The world’s first achondroplasia drug: C-type natriuretic peptide analogue vosoritide will soon be approved: it can solve the underlying cause of the disease!



BioMarin Pharmaceuticals recently announced that the European Medicines Agency (EMA) Committee for Medicinal Products for Human Use (CHMP) has issued a positive review opinion recommending approval of vosoritide (Voxoritide, BMN111), which is a once-daily injection The C-type natriuretic peptide (CNP) analog of C-type natriuretic peptide (CNP) is used to treat achondroplasia in children from 2 years old to the closed growth plate.

Closure of the growth plate occurs after puberty, when the final adult height is reached. Achondroplasia is the most common disproportionate short stature in humans.

First achondroplasia drug: C-type natriuretic peptide analogue vosoritide

 

Now, CHMP’s opinions will be submitted to the European Commission (EC) for review, which is expected to make a final review decision within the next two months. If approved, vosoritide will be sold under the brand name Voxzogo. At present, vosoritide is also under review by the US FDA, and the target date of the Prescription Drug User Fee Act (PDUFA) is November 20, 2021. Previously, vosoritide was granted Orphan Drug Designation (ODD) for the treatment of achondroplasia in the United States and the European Union.

If approved, vosoritide will become the first drug to treat achondroplasia. The drug can treat the root cause of the disease, represents a major medical breakthrough, and has the potential to have a meaningful impact on the lives of patients.

The positive review of CHMP is based on data from the vosoritide clinical development project, including results from a randomized, double-blind, placebo-controlled Phase 3 study. The results of this phase 3 study are further supported by the long-term safety and efficacy data of the ongoing open-label phase 2 extension study, which shows that: receiving vosoritide treatment during the 5-year (60-month) observation period with the current data Of children with achondroplasia, the growth rate continues to be higher than the patient’s baseline level and higher than the expected annual growth rate for untreated children with achondroplasia. In addition, bone age progressed normally, and no acceleration of bone age was observed, indicating that vosoritide did not reduce the total duration of the growth phase.

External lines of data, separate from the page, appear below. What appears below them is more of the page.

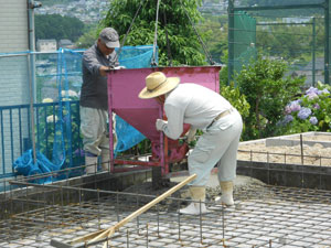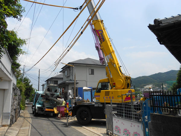 かくはん車でコンクリートを運び、運んだコンクリートをクレーンで吊って流していきます♪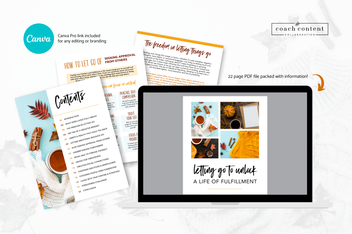 A digital file that you can use as a freemium with email or client sign-up or even just as a great additional resource for your challenge groups. This guide is great for helping your potential and future clients to learn more about how to live more fully in life, the things they need to let go that are holding them back, what forgiveness really looks like, ways to boost happiness & wellbeing and so much more!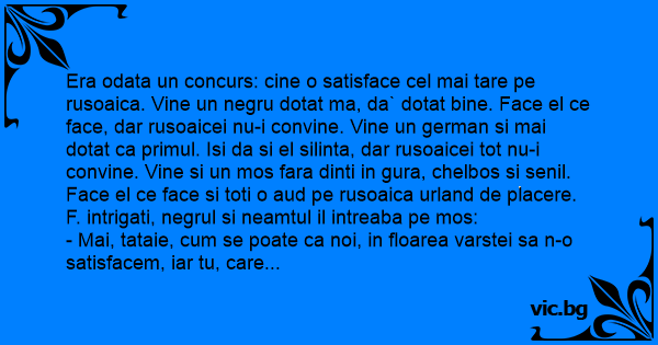 Era odata un concurs: cine o satisface cel mai tare pe rusoaica. Vine un negru dotat ma, da` dotat bine. Face el ce face, dar rusoaicei nu-i convine. Vine un german si mai dotat ca primul. Isi da si el silinta, dar rusoaicei tot nu-i convine. Vine si un mos fara dinti in gura, chelbos si senil. Face el ce face si toti o aud pe rusoaica urland de placere. F. intrigati, negrul si neamtul il intreaba pe mos: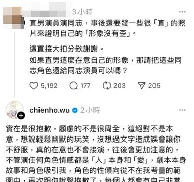 巫建和發文「拉形象」引發爭議。(圖/翻攝巫建和Threads)巫建和親自在該篇貼文底下回應:「實在是很抱歉,顧慮的不是很周全,這絕對不是本意。」,他解釋只是開玩笑,沒想過會造成誤會:「真的在意也不會接演,往後會更加注意的。」強調他接演劇本角色的考量主要基於劇本本身和角色吸引力,而非性傾向。最後他也再度致歉:「再次跟你說聲抱歉了,每個人都會有自己非常在意的事,藉此大家也有更多的提醒是好事,謝謝你啊,謝謝,一起繼續努力。」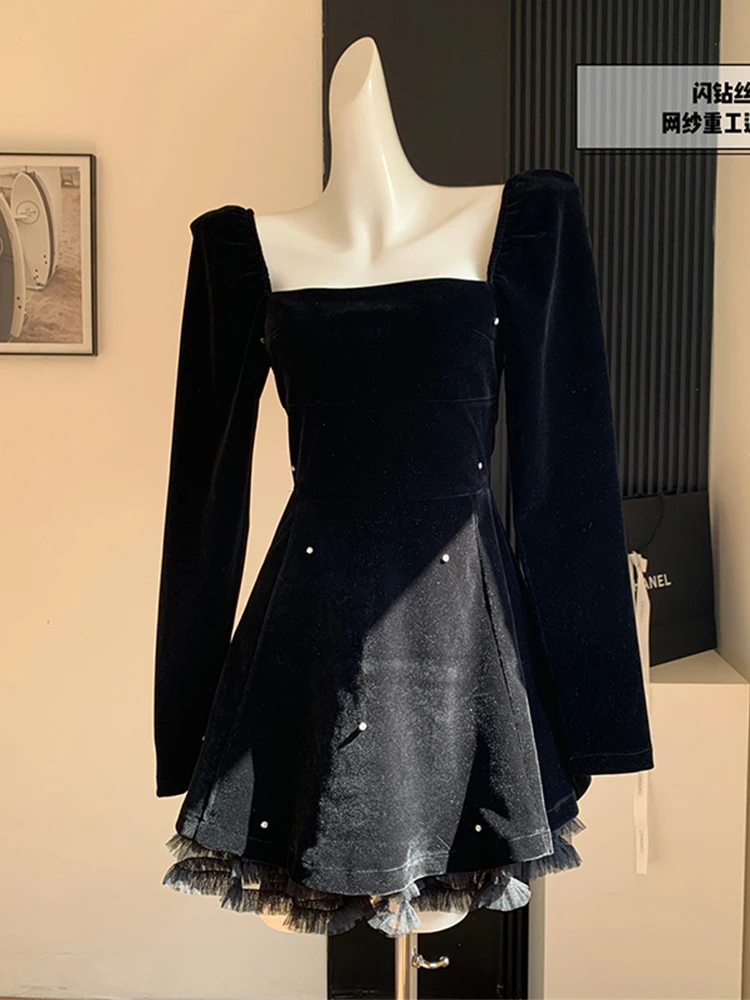 Женское элегантное платье для выпускного вечера, Осеннее черное ТРАПЕЦИЕВИДНОЕ ПЛАТЬЕ с квадратным вырезом, уличная одежда Y2K, платье в стиле пэчворк для торжественных случаев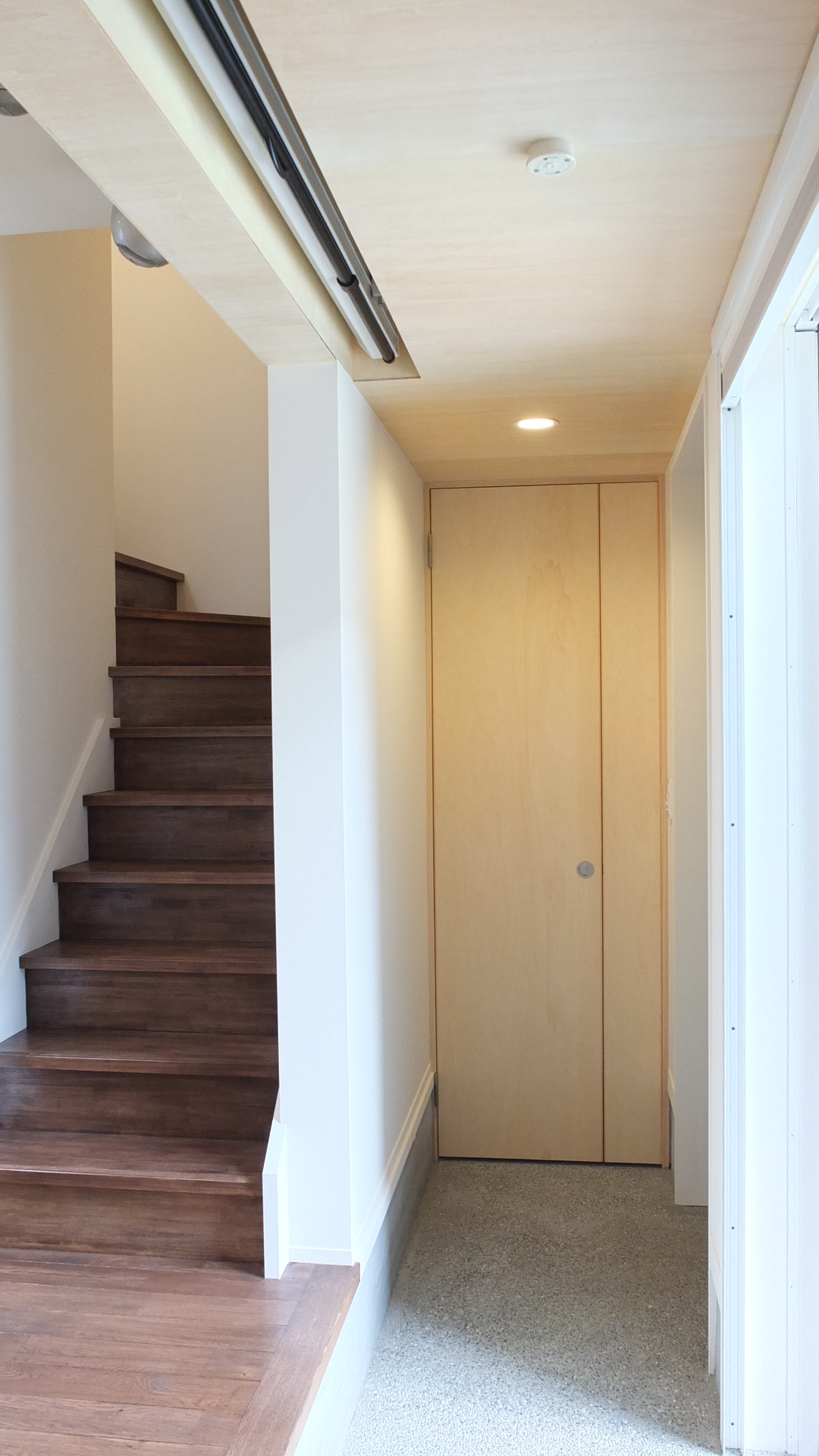 内部構成は中央を貫く『路地的スペース』となるLDKと吹抜、それらに付随する諸室が両サイドを挟み、路地的スペースを介してコミュニケーションが生まれます。各諸室は極めてコンパクトに、天井低くつくられていますが、路地的スペースとの関係性が閉塞感を感じさせません。

The data package also includes the results of a randomized double-blind phase 2 study that is being carried out in infants and young children, extensive pharmacokinetic and biomarker data, and preliminary growth data for patients in the 2-5 age group. Data from SENTINEL study patients showed that in patients aged 2-5 years, after 2 years of vosoritide treatment, there is a positive effect on growth. In addition, the data package also includes 3 phases of extended research and extensive natural history data.

First achondroplasia drug: C-type natriuretic peptide analogue vosoritide

Mechanism of action of vosoritide (click on the picture to see a larger picture)

Achondroplasia is the most common disproportionate short stature in humans. It is characterized by slowed endochondral ossification, leading to disproportionate shortness and structural disorders of the long bones, spine, face, and skull base. This condition is caused by mutations in the fibroblast growth factor receptor 3 gene (FGFR3), which is a negative regulator of bone growth.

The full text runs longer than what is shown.